GIVEN INFORMATION.
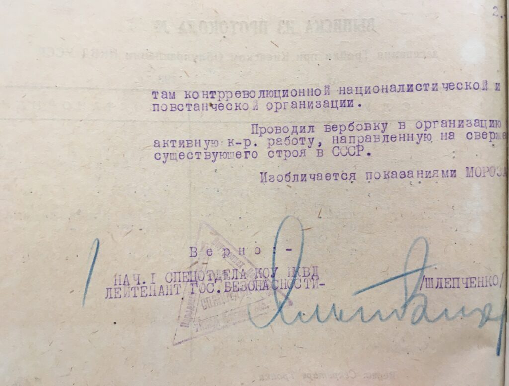 Обвинувальний вирок без дати, що також свідчить про попередню підготовленість, був затверджений начальником 4 відділу УГБ НКВД УССР Алєксандром Яралянцем.
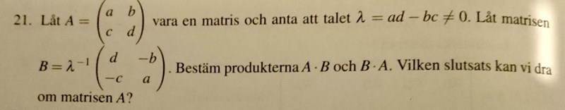 1. Precis som uppgiften visar att B är, är ett sätt att hitta inverser för 2x2-matriser. Att ta determinanten av det första (vilket är lambda) och sedan beräkna och flytta runt som de gjort.
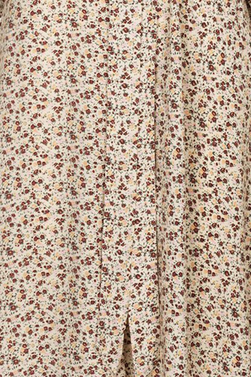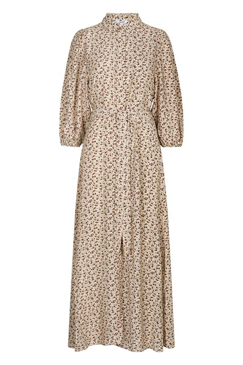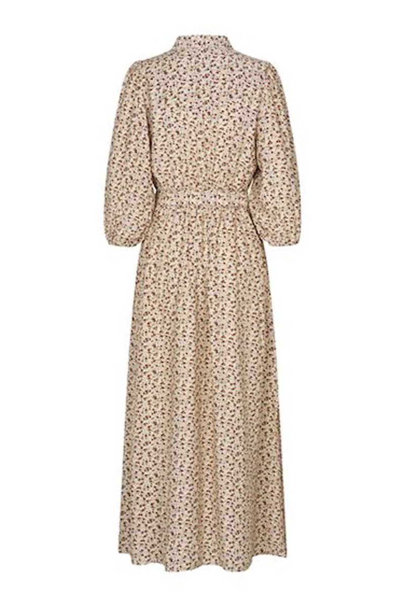 Smukkeste pasform fra mbyM med en beige bundfarve og et fint lille blomsterprint i bordeaux, gule og rosa nuancer. Kjolen har knapper hele vejen ned og går ind i taljen med bindebånd. De smukke volumiøse ballonærmer afsluttes med elastikkant. En kjole der er anvendelig til alle anledninger.

AIM OF THE TASK. Apart from the pictures, every line of the data above should be given again exactly.

RESPONSE FOR THIS EXERCISE.
 Обвинувальний вирок без дати, що також свідчить про попередню підготовленість, був затверджений начальником 4 відділу УГБ НКВД УССР Алєксандром Яралянцем.
 1. Precis som uppgiften visar att B är, är ett sätt att hitta inverser för 2x2-matriser. Att ta determinanten av det första (vilket är lambda) och sedan beräkna och flytta runt som de gjort.
 Smukkeste pasform fra mbyM med en beige bundfarve og et fint lille blomsterprint i bordeaux, gule og rosa nuancer. Kjolen har knapper hele vejen ned og går ind i taljen med bindebånd. De smukke volumiøse ballonærmer afsluttes med elastikkant. En kjole der er anvendelig til alle anledninger.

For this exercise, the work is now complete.